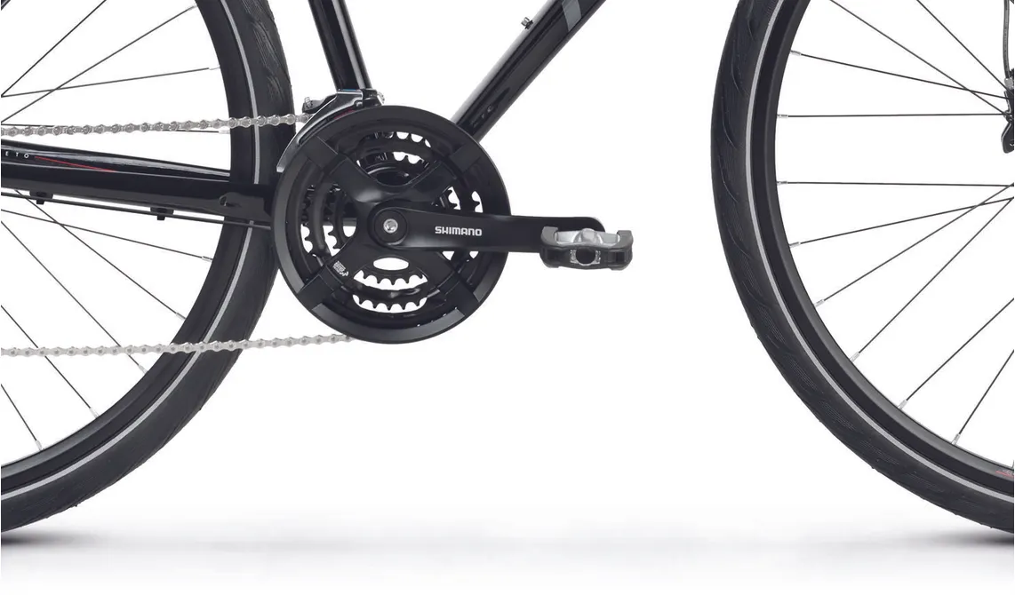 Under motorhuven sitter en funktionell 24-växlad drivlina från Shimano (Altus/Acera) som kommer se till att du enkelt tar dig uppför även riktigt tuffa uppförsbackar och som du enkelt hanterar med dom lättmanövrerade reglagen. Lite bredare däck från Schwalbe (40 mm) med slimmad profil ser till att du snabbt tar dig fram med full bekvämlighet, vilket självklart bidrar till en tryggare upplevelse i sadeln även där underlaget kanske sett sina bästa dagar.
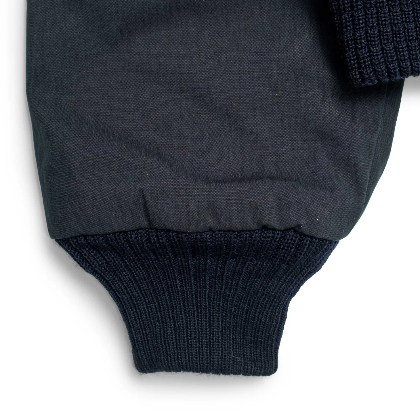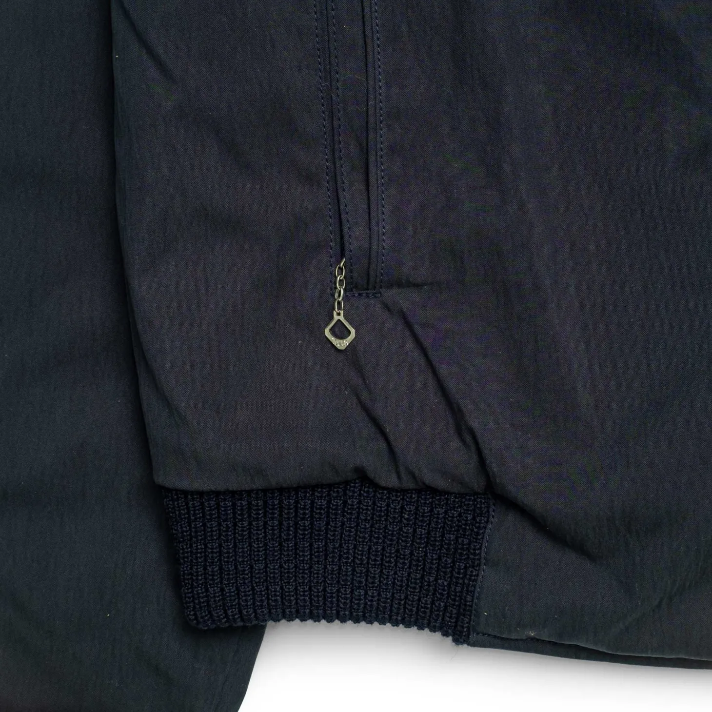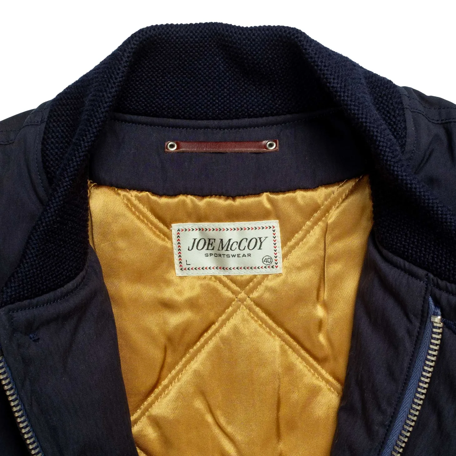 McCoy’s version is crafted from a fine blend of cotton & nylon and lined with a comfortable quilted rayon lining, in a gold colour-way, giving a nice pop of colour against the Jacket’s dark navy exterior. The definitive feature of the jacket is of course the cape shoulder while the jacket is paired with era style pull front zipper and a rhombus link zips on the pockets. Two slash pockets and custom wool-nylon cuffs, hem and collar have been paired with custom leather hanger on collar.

^^^^

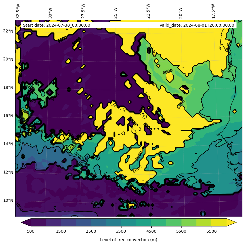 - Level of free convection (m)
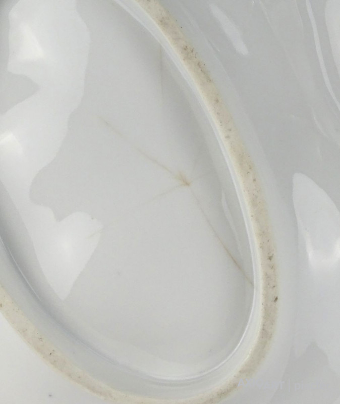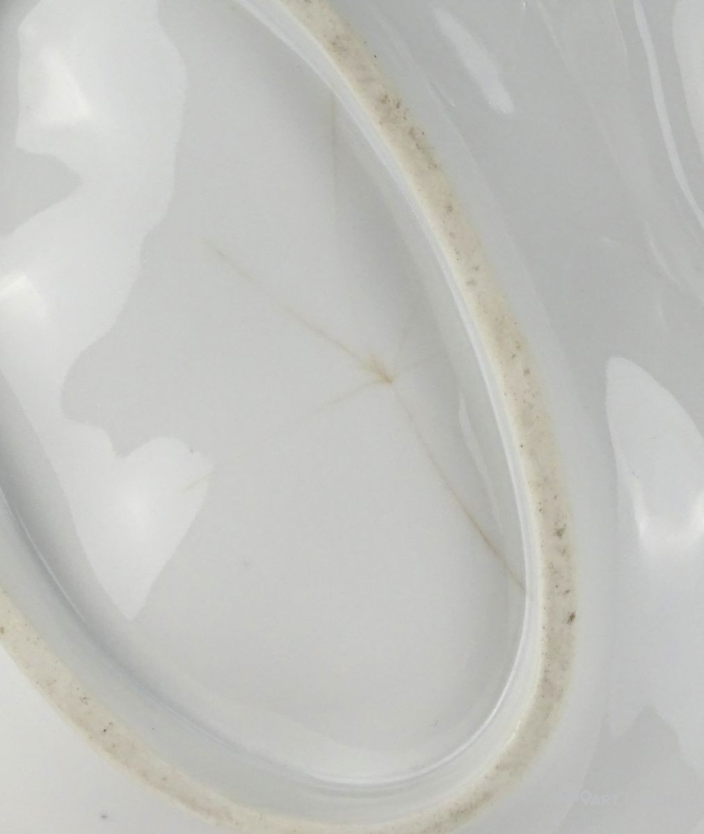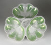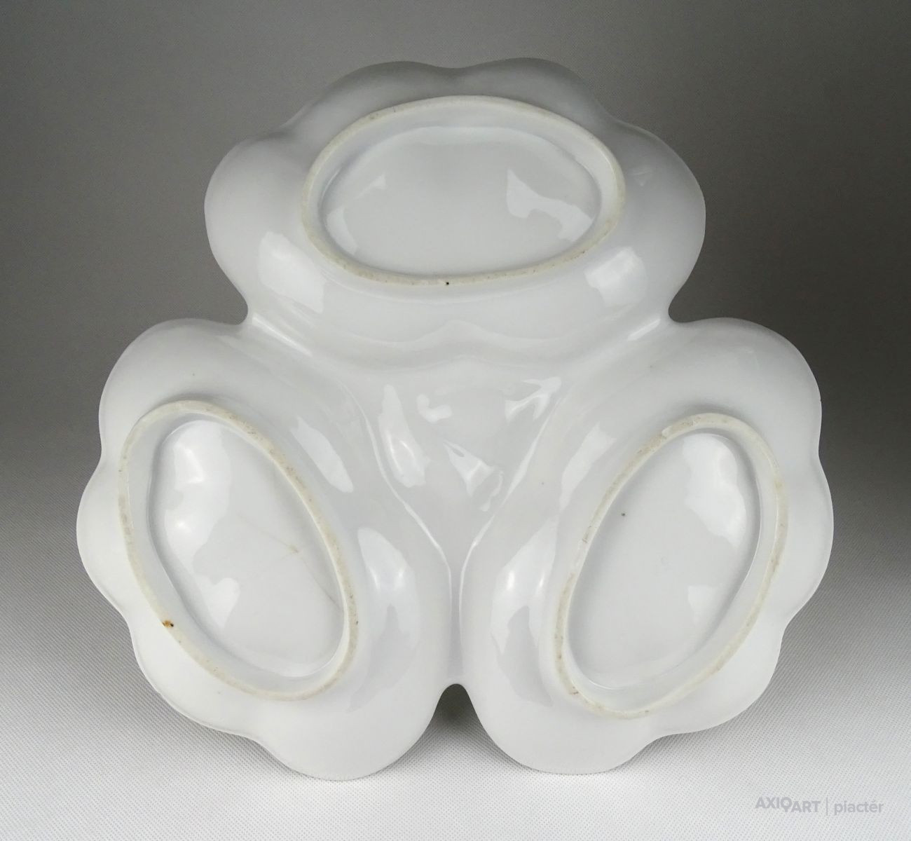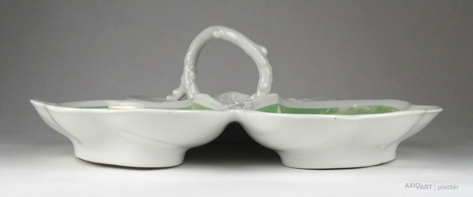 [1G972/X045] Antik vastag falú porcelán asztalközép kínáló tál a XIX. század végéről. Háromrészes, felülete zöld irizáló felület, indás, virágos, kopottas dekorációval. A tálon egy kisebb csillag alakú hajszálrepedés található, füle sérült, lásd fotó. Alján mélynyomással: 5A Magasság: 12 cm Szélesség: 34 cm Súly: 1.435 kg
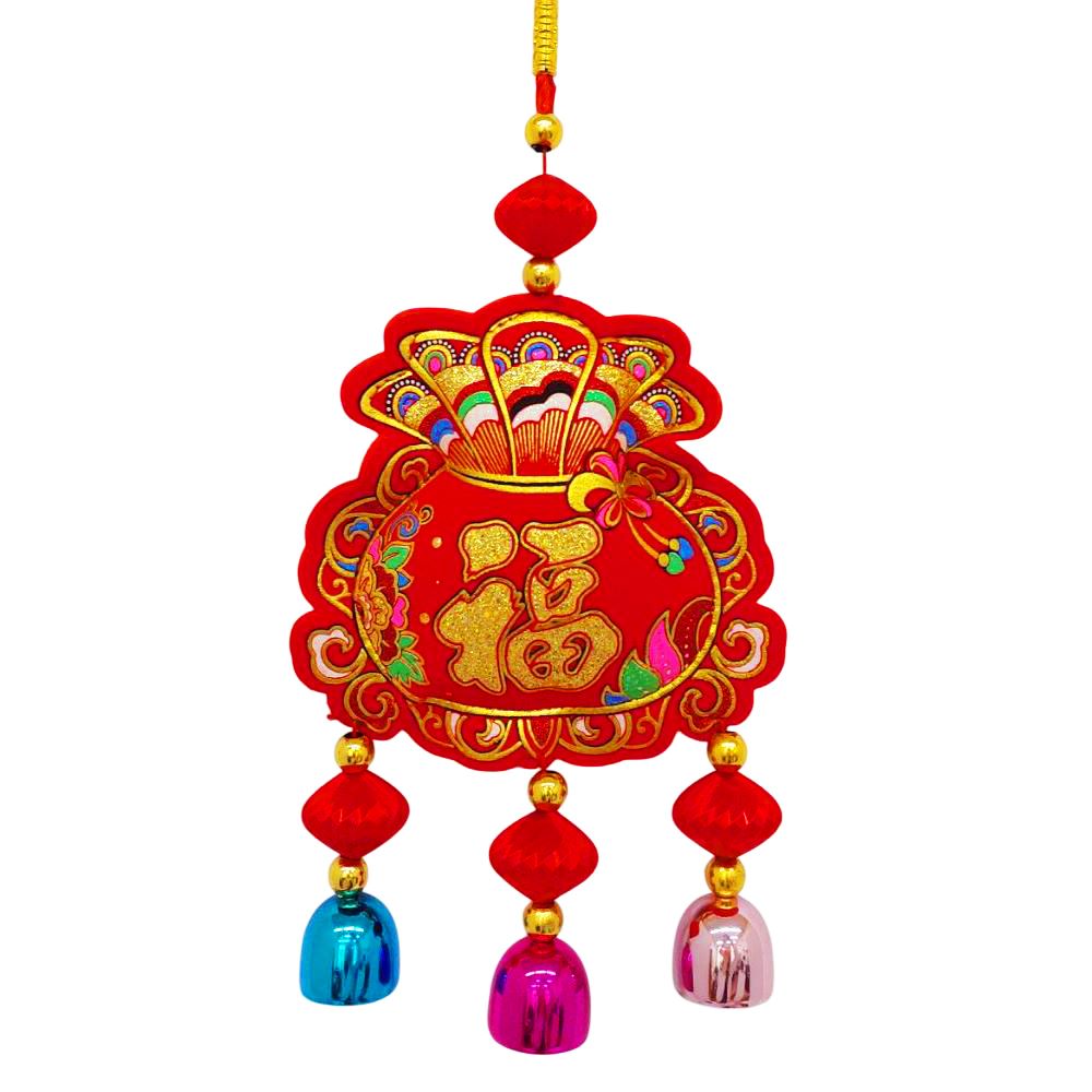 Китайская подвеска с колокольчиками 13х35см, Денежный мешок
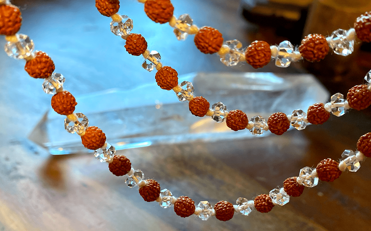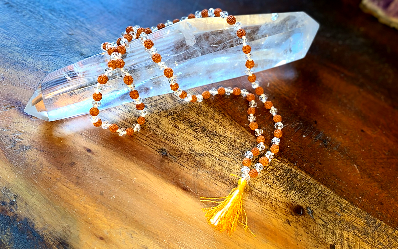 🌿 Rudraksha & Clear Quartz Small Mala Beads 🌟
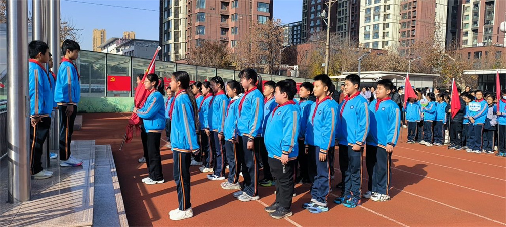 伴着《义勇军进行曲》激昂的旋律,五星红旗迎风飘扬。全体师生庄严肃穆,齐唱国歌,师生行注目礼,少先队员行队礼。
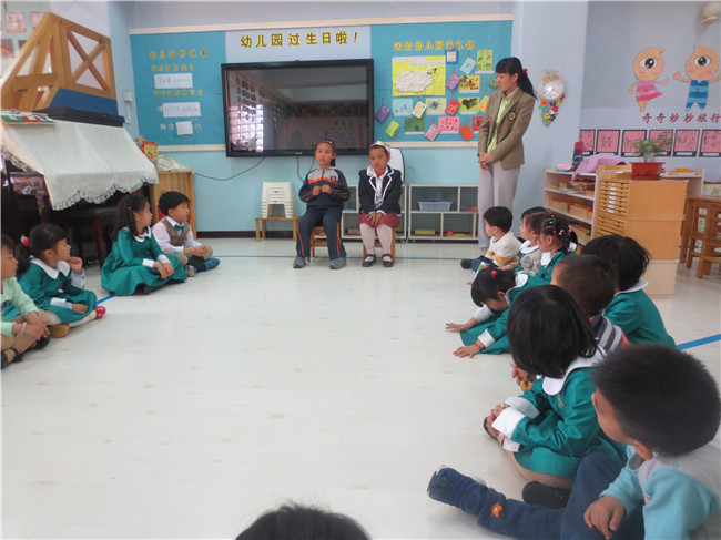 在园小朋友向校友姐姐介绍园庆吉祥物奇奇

^^^^

*TASK GOAL*. The copy should hold exactly the lines above from the one with "Китайская подвеска с" through the one with "在园小朋友向校友姐姐介绍园庆吉祥物奇奇", both ends counted, and no pictures at all.

*OUTPUT OF THE EXERCISE*.
 Китайская подвеска с колокольчиками 13х35см, Денежный мешок
 🌿 Rudraksha & Clear Quartz Small Mala Beads 🌟
 伴着《义勇军进行曲》激昂的旋律,五星红旗迎风飘扬。全体师生庄严肃穆,齐唱国歌,师生行注目礼,少先队员行队礼。
 在园小朋友向校友姐姐介绍园庆吉祥物奇奇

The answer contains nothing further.